At MFEX by Euroclear, upholding data and information security is seen as fundamental for being able to operate in a safe and successful way, as well as being a trusted and preferred business partner. As an actor in the financial industry, we rely on time-sensitive financial information and pricing in order to operate, and avoiding disruptions to our digital system is therefore key to our success. Failing to adhere to any data regulations or being subject of external cyber threats such as ransomware attacks, are therefore seen as critical risks within MFEX.
MFEX comply with all national legislations in the countries in which we operate, as well as with the EU General Data Protection Regulation (GDPR). In order to ensure compliance, we follow industry best practices such as the NIST Cyber Security Framework, ISO/IEC 27002 as well as the SWIFT Customer Security Control Framework. EBA Guidelines on ICT and security risk management and MAS Technology Risk Management Guidelines. MFEX have a GDPR Policy in place and any complaints or incidents can be reported through our whistleblowing function or directly to the Data Protection Officer. During 2021, MFEX have not identified any substantiated complaints concerning breaches of customer privacy.
Data and information security at MFEX is governed through the Chief Security Officer (CSO), who is located at the Headquarter in Stockholm and oversees the company-wide work with security.
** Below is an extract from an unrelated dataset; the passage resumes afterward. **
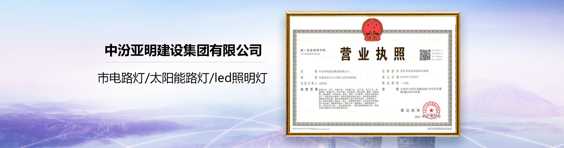 中汾亞明建設集團有限公司(原山西世紀亞明照明工程有限公司)創始于2005年,公司座落于太原市小店區龍城北街170號華天置地1幢10層,注冊資金:107770000元人民幣,是全國建筑裝飾業三優施工企業、中國照明行業百強企業、AAA級信用企業、山西省江蘇商會常務副會長單位、山西省照明電器行業協會執行會長單位。

The CSO reports to the Chief Technical Officer (CTO) but is also in close dialogue with the Chief Risk Officer (CRO), who reports directly to the Board of Directors (BoD). The daily security operations are carried out through information security officers in Luxembourg, as well as through the Security Operations Center that detects and responds to incidents.
MFEX applies a 5-step approach for working with Information security incidents:
Identify : Asset Management, Business Environment, Governance, Risk Assessment, Risk Management Strategy
Protect : Awareness Control, Awareness & Training, Data Security, Information Protection, Processes & Procedures, Protective Technology
Detect : Anomalies & Events, Communications, Analysis, Mitigation, Improvement
Respond : Awareness Control, Awareness & Training, Data Security, Information Protection, Processes & Procedures, Protective Technology
Recover: Recovery Planning, Improvements, Communications
National Institute of Standards and Technology (NIST) Cybersecurity Framework
Since the cyber security landscape constantly evolve, we continuously oversee our routines and practices to ensure that we evolve and can detect and prevent any new types of threats. One way that we assess the success of our management approach is simply by measuring the number of confirmed breaches or losses of customer data. During the past year, a process has been initiated to improve the security awareness among employees, to prevent potential data breaches due to human errors. The goal is to launch security awareness training that are customized towards the employees’ existing knowledge.